### Your instructions:
Return exactly the lines from the start of the records below through the line containing "Đây là cuộc", both ends included, and leave out the pictures.

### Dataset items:
__________________________________________________

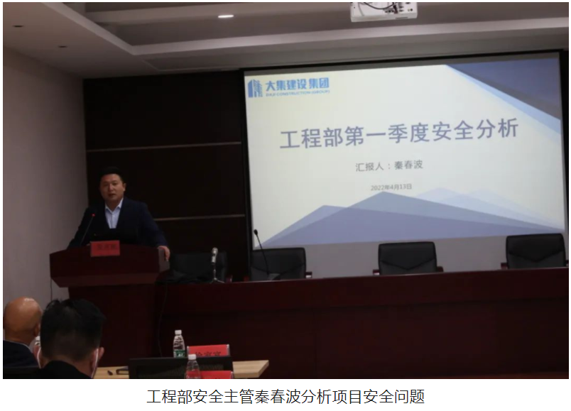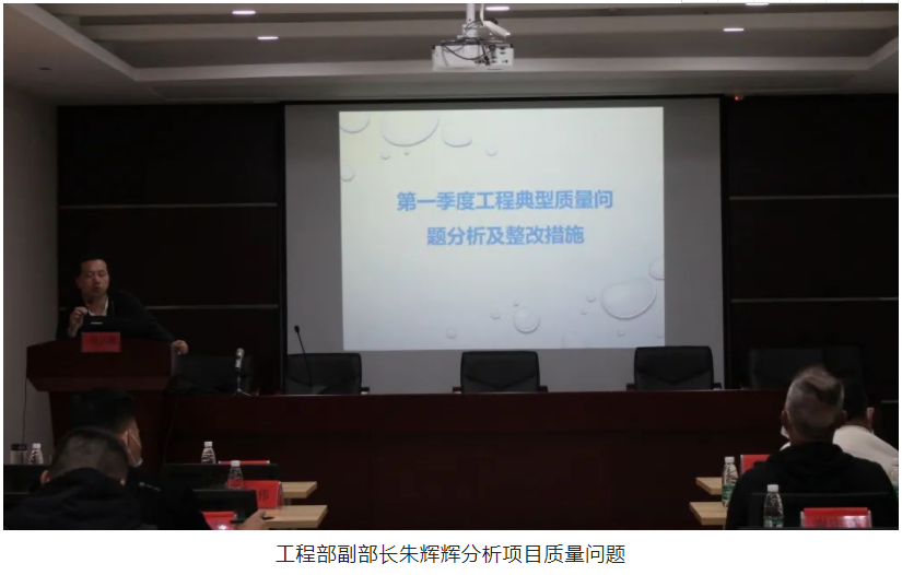隨后,會議進入質(zhì)量、安全隱患分析環(huán)節(jié),工程部副部長朱輝輝及安全主管秦春波采用PPT通報問題的方式,照片配合講述,更直觀的把項目質(zhì)量、安全隱患問題展現(xiàn)在大家面前,朱工和秦工結(jié)合項目現(xiàn)場存在的質(zhì)量、安全問題,著重分析了問題產(chǎn)生的原因以及現(xiàn)場的安全管理情況,并逐一對各項目提出了相應的整改措施。
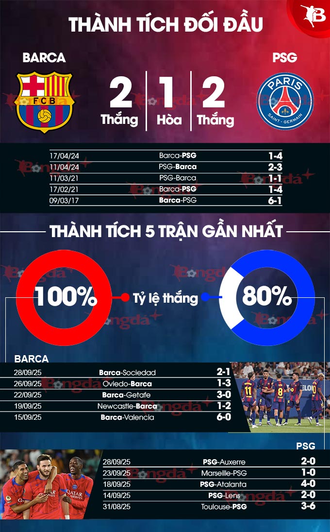 Đây là cuộc thư hùng ngang sức ngang T về mọi mặt. Xét về đối đầu, Barca và PSG cân bằng tuyệt đối. Cả hai đội đều có 5 chiến thắng và 4 trận hòa sau 14 lần đụng độ tại các sân chơi châu Âu (đều ở Champions League). Họ cùng ghi được 27 bàn thắng và để thủng lưới 27 bàn.
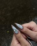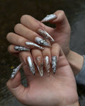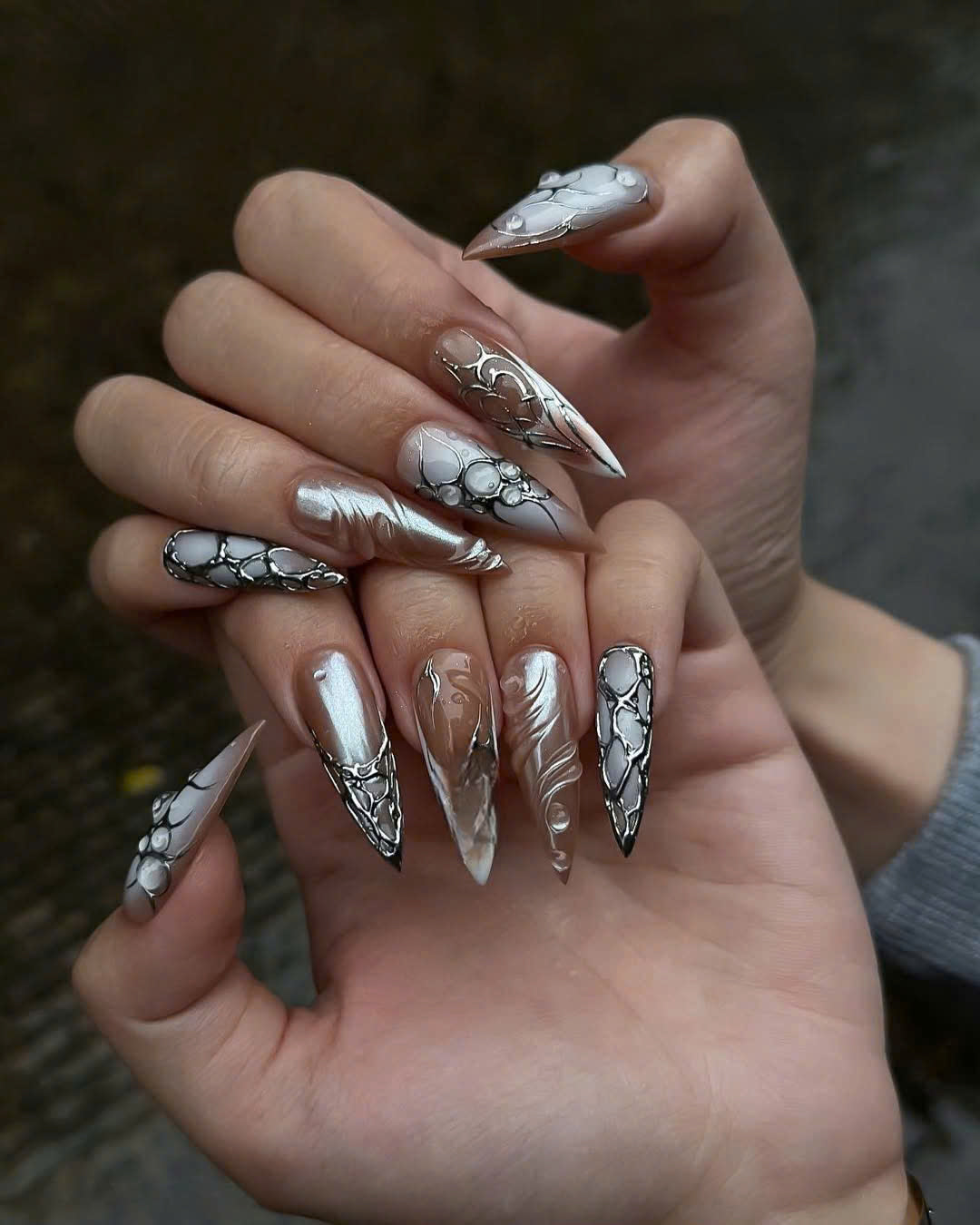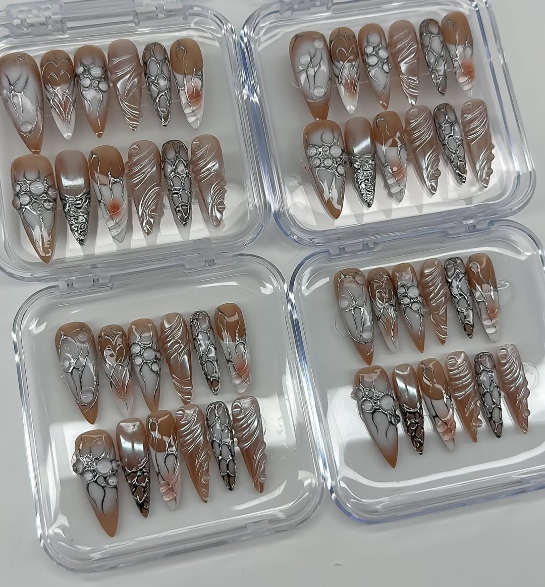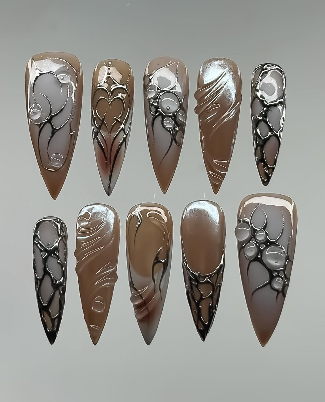 This sophisticated collection features a warm palette of mocha brown and milky tan, accented by sharp, metallic silver highlights. The design showcases intricate hand-painted silver "webbing" and organic, bubble-like 3D textures that mimic liquid metal. Some nails feature a smooth, pearlescent shimmer, while others are defined by bold, fluid line work and heart-shaped silver outlines. The overall aesthetic masterfully blends Cyber-Gothic industrialism with a contemporary Earthy Neutral edge, turning each nail into a wearable piece of futuristic art. These high-relief 3D elements and chrome finishes offer a luxurious tactile experience and a visually commanding presence. The sharp, elongated stiletto and coffin shapes provide a fierce, visionary silhouette, making this set a premier choice for high-fashion editorial shoots. It is the ultimate statement piece for those seeking a look that is both sophisticated and deeply unconventional.
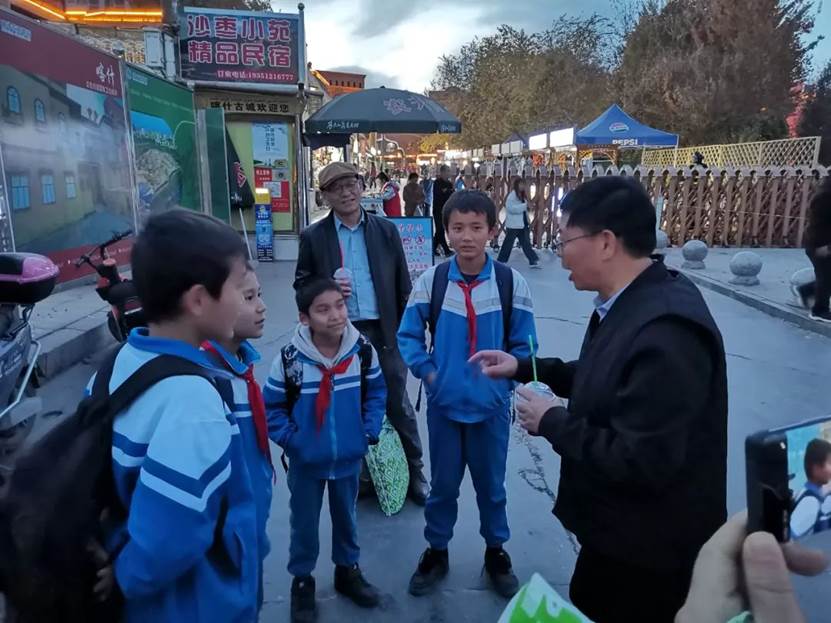 在喀什交流考察期间,颜炳罡教授携学术团队成员还深入基层,了解以儒学为核心的中华优秀传统文化在当地的普及情况,向维族儿童讲解孔子其人其事,并带领维族儿童共读蒙学经典。
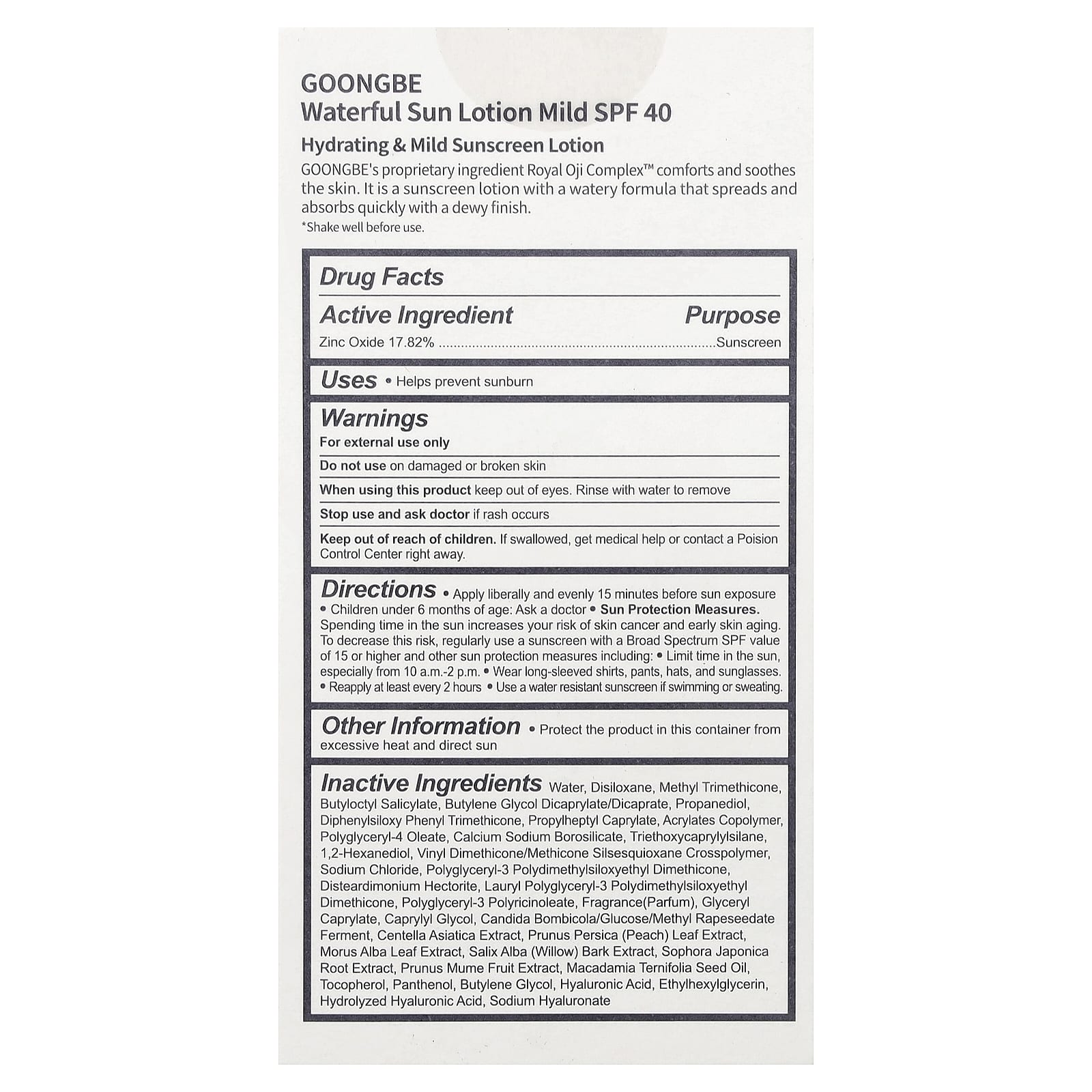 O ingrediente patenteado Royal Oji Complex™ da GOongBe conforta e acalma a pele. É uma loção protetor solar com fórmula aquosa que se espalha e é rapidamente absorvida com um acabamento orvalhado.
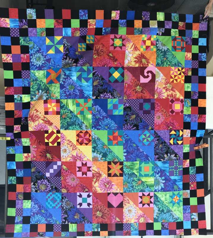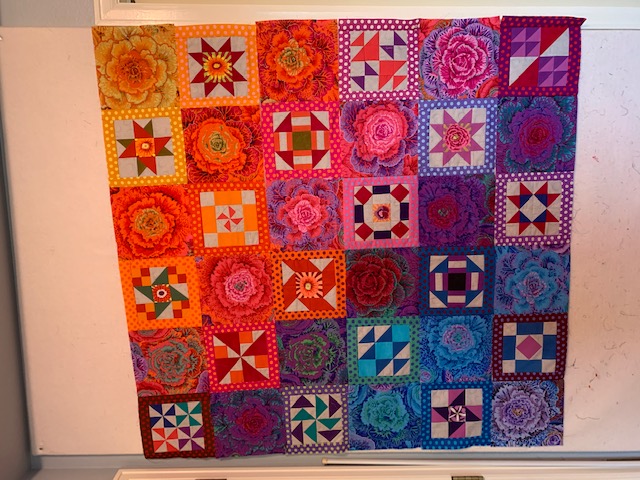 It took me a few days to do the embroidery and applique, but it's done now. Not sure I'm loving the bottom part of the quilt, but I do love the rest of it. Maybe I quit a little too soon? Well, it is what it is, and I did learn a lot... My first ever mitered corners on the borders. A Kaffe stripe I found on line. Now to get it quilted and bound.
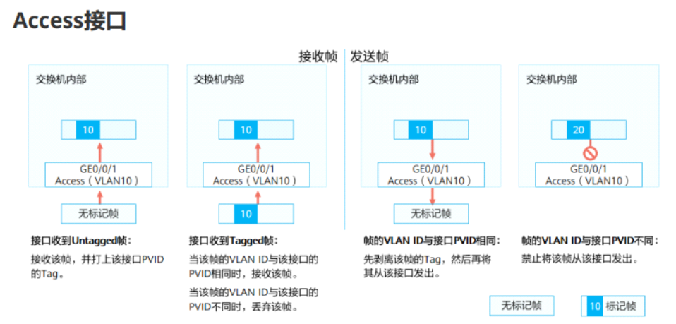 接收带标记帧(Tagged 帧):检查该帧的 VLAN ID 是否在接口允许通过的 VLAN 列表中,在列表中则接收该帧,否则直接丢弃。
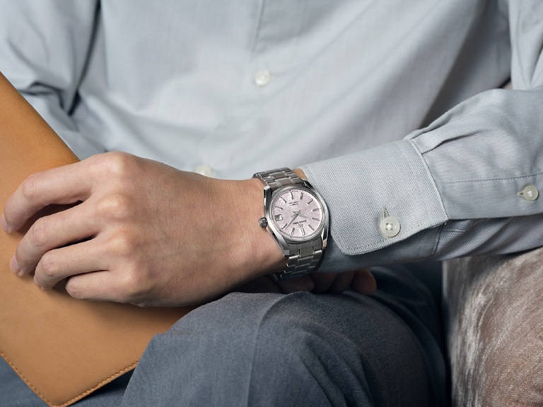 1967年に発売されたグランドセイコー史上初の自動巻メカニカルモデル「62GS」のデザインを現代的にアレンジし、日本特有の季節の移ろいをダイヤルに宿したモデルです。このモデルのダイヤルに表現されたのは、桜の花を雪が覆い隠す情景。桜と雪が共存する「桜隠し」と呼ばれる珍しいその現象は、グランドセイコーの機械式モデルの製造元「グランドセイコースタジオ 雫石」が位置する東北地方で春のはじまりに見られる美しい風景です。ムーブメントには毎秒 10 振動のハイビートムーブメント「キャリバー9S85」を搭載し、精度のばらつきを抑え、より安定した高精度を実現しています。ケース径38mmのサイズ感に加え、ケースとブレスレットには通常のチタンよりも傷つきにくく、白く美しいブライトチタンを採用し、心地よい装着感を創出しました。
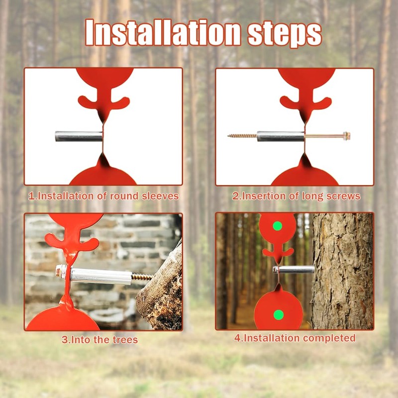 5. 【Easy to install】: By combining the rotating target piece with the round sleeve and fixing it with the long hex screw, then insert the device into the tree from the side.
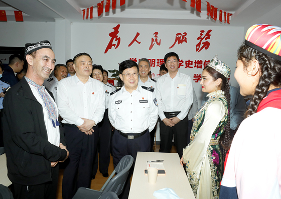 5月22日至24日,國務(wù)委員、公安部黨委書記、部長趙克志在廣西調(diào)研。圖為趙克志在桂林市七星區(qū)少數(shù)民族服務(wù)中心,與正在“石榴籽課堂”學(xué)習(xí)的維吾爾族群眾親切交流。
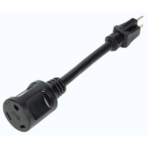 It adapts all brands of RV plugs. Triangular plug adapter connects 15 amp female to 30 amp male. Includes an easy grip handle. Sold in carded package.

__________________________________________________

### Result:
隨后,會議進入質(zhì)量、安全隱患分析環(huán)節(jié),工程部副部長朱輝輝及安全主管秦春波采用PPT通報問題的方式,照片配合講述,更直觀的把項目質(zhì)量、安全隱患問題展現(xiàn)在大家面前,朱工和秦工結(jié)合項目現(xiàn)場存在的質(zhì)量、安全問題,著重分析了問題產(chǎn)生的原因以及現(xiàn)場的安全管理情況,并逐一對各項目提出了相應的整改措施。
 Đây là cuộc thư hùng ngang sức ngang T về mọi mặt. Xét về đối đầu, Barca và PSG cân bằng tuyệt đối. Cả hai đội đều có 5 chiến thắng và 4 trận hòa sau 14 lần đụng độ tại các sân chơi châu Âu (đều ở Champions League). Họ cùng ghi được 27 bàn thắng và để thủng lưới 27 bàn.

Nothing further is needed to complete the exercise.